— Your instructions —
When you copy the data, keep every line exactly as written and skip the pictures.

— Data below —
##############################
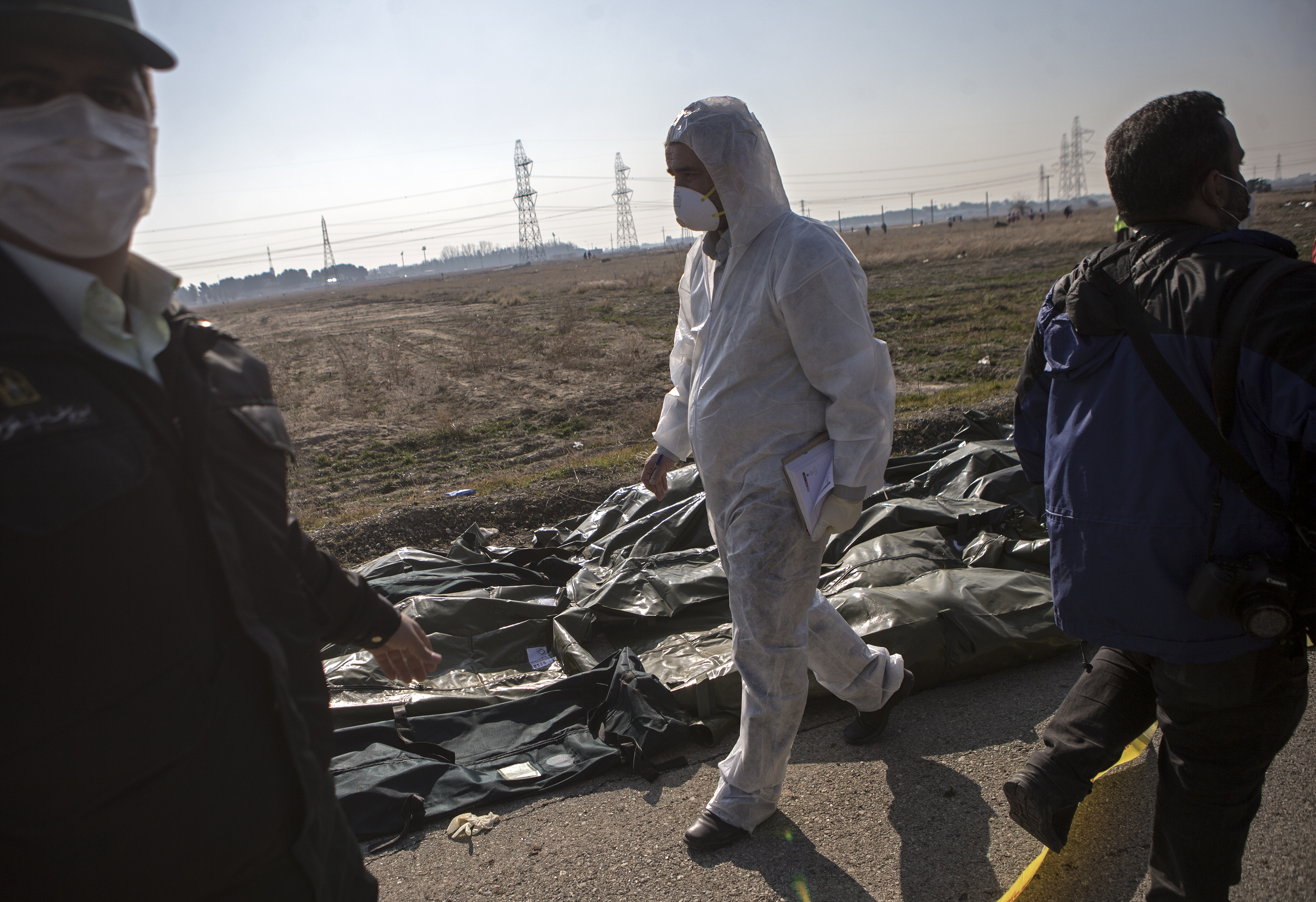 Bodies of victims are seen at the air crash site of a Boeing 737 Ukrainian passenger plane in Parand district, southern Tehran, Iran, on Jan. 8, 2020. (Photo by Ahmad Halabisaz/Xinhua)
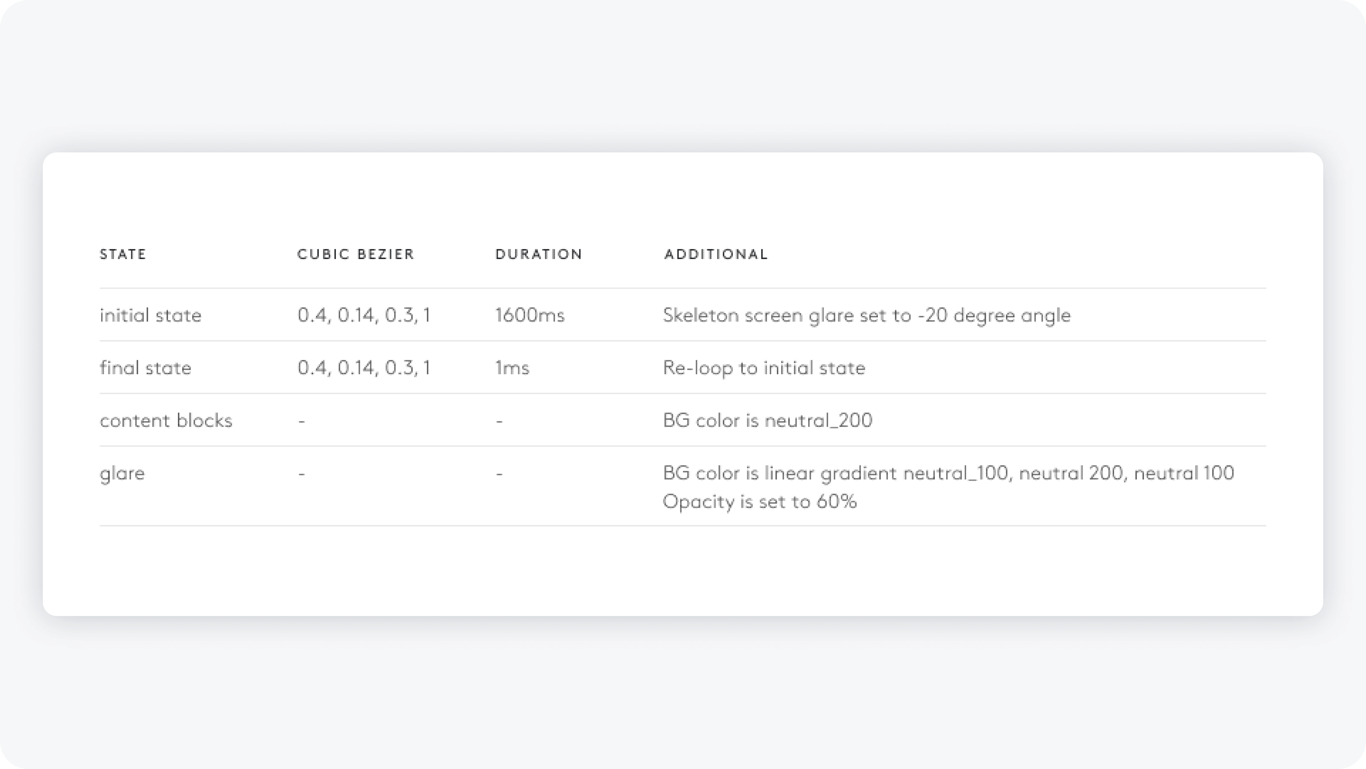To ensure high-fidelity implementation across iOS and Android, I authored detailed motion specifications for every design system component, defining easing curves, durations, and staggered delays.
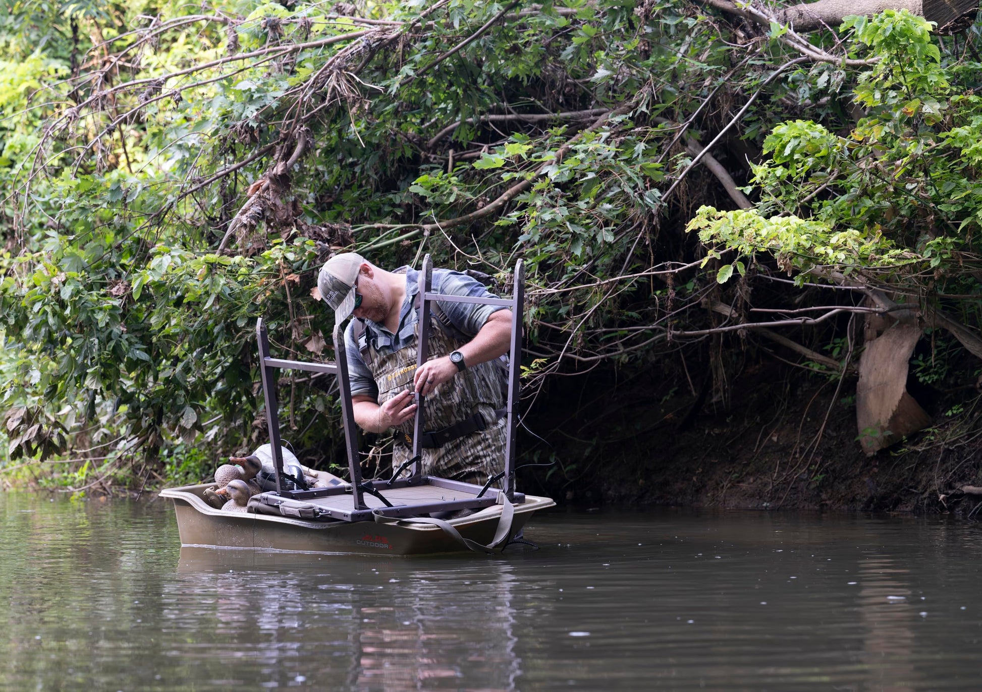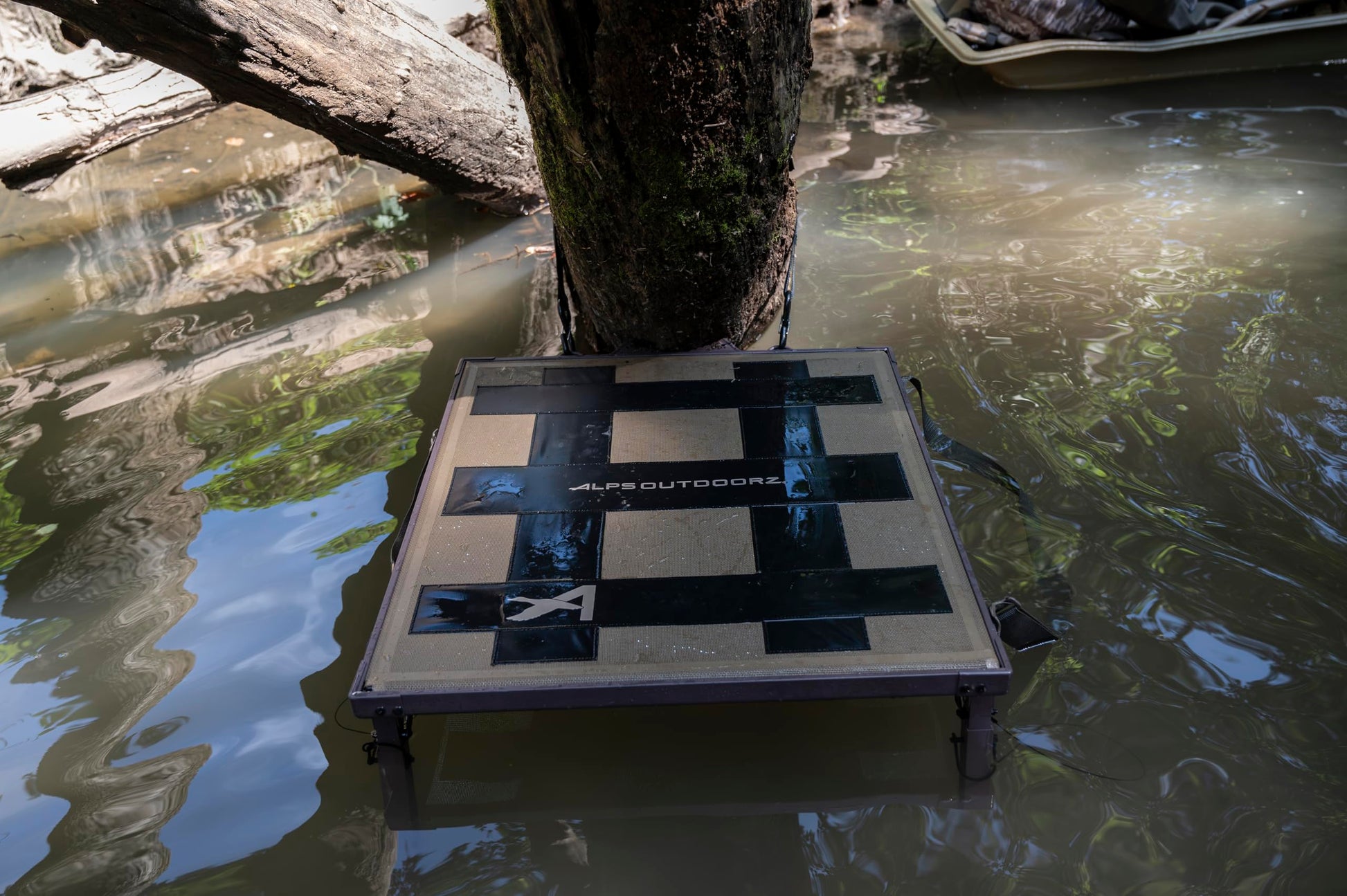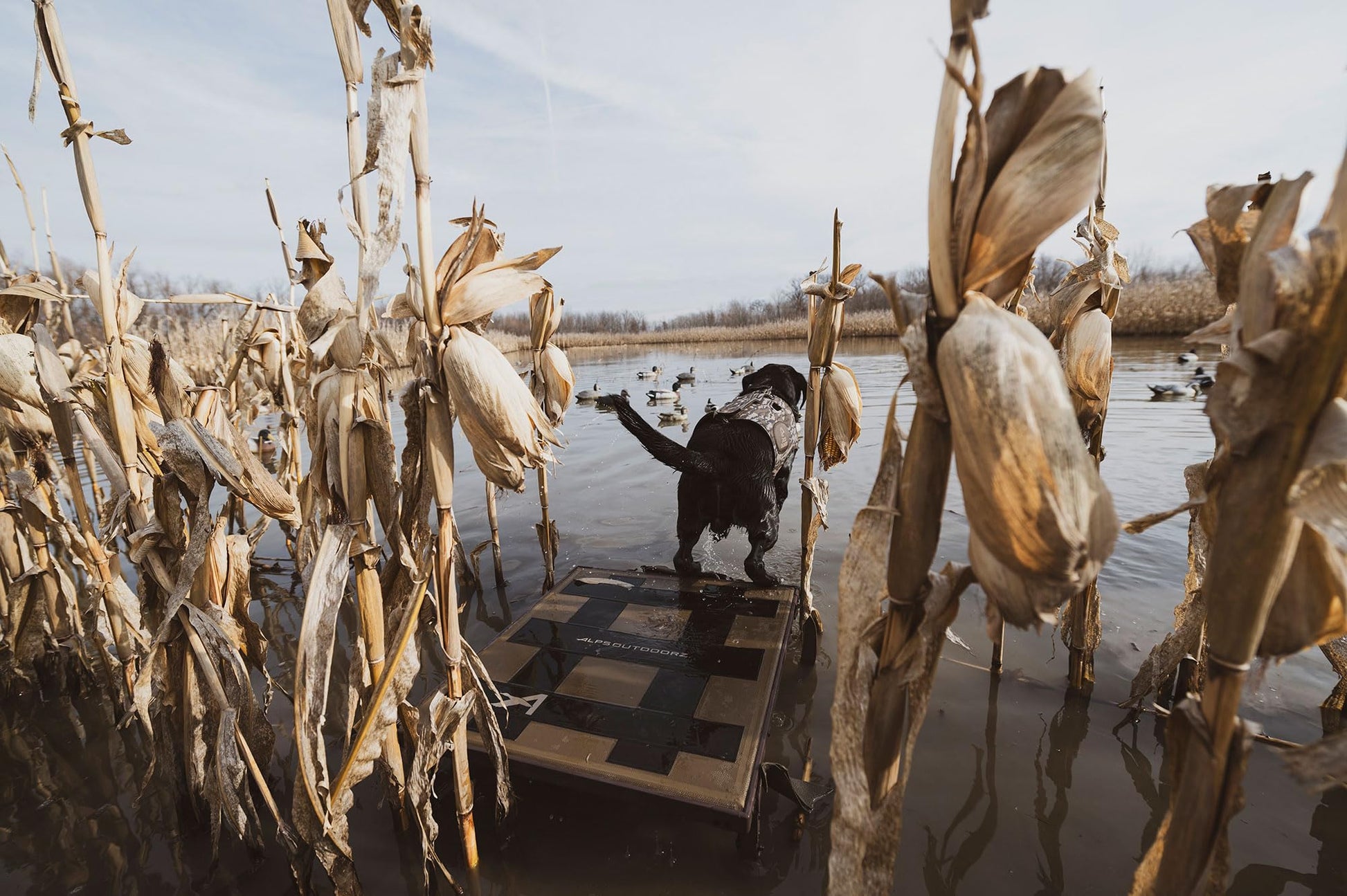 Details: Two dog stands melded into one, the Hybrid Dog Stand is like nothing else on the market. It can mount to a tree in flooded timber in over 30” of water, or be used in dry or flooded fields for hunting or training. The integrated Hypalon platform addresses a pestering issue with all dog stands, the lack of traction when wet. This anti-slip and nearly indestructible material promises to give your dog the ability to remain sure-footed when launching off or mounting on the Hybrid Dog Stand in wet or frosty conditions. Below the Hypalon is our durable TechMesh material that allows water to drain off your dog. Dogs seem to find a way to catch themselves on anything pointy or rough-edged, so we have designed and included a durable and convenient safety cap for the tree cleats for whenever the situation calls. For the most versatile dog stand on the market, we went for overkill with a robust 4 tree cleats welded together, heavy duty welded on D-rings, and a 137” ratchet strap with gated clips that can be secured around a 42” diameter or 130” circumference tree. One of the biggest issues with timber dog stands is their lack of stability. Strap the Hybrid Dog Stand to a tree and shove the front legs into the ground for rock solid stability and maximize your dog’s safety.
##############################
— Answer box —
 Bodies of victims are seen at the air crash site of a Boeing 737 Ukrainian passenger plane in Parand district, southern Tehran, Iran, on Jan. 8, 2020. (Photo by Ahmad Halabisaz/Xinhua)
To ensure high-fidelity implementation across iOS and Android, I authored detailed motion specifications for every design system component, defining easing curves, durations, and staggered delays.
 Details: Two dog stands melded into one, the Hybrid Dog Stand is like nothing else on the market. It can mount to a tree in flooded timber in over 30” of water, or be used in dry or flooded fields for hunting or training. The integrated Hypalon platform addresses a pestering issue with all dog stands, the lack of traction when wet. This anti-slip and nearly indestructible material promises to give your dog the ability to remain sure-footed when launching off or mounting on the Hybrid Dog Stand in wet or frosty conditions. Below the Hypalon is our durable TechMesh material that allows water to drain off your dog. Dogs seem to find a way to catch themselves on anything pointy or rough-edged, so we have designed and included a durable and convenient safety cap for the tree cleats for whenever the situation calls. For the most versatile dog stand on the market, we went for overkill with a robust 4 tree cleats welded together, heavy duty welded on D-rings, and a 137” ratchet strap with gated clips that can be secured around a 42” diameter or 130” circumference tree. One of the biggest issues with timber dog stands is their lack of stability. Strap the Hybrid Dog Stand to a tree and shove the front legs into the ground for rock solid stability and maximize your dog’s safety.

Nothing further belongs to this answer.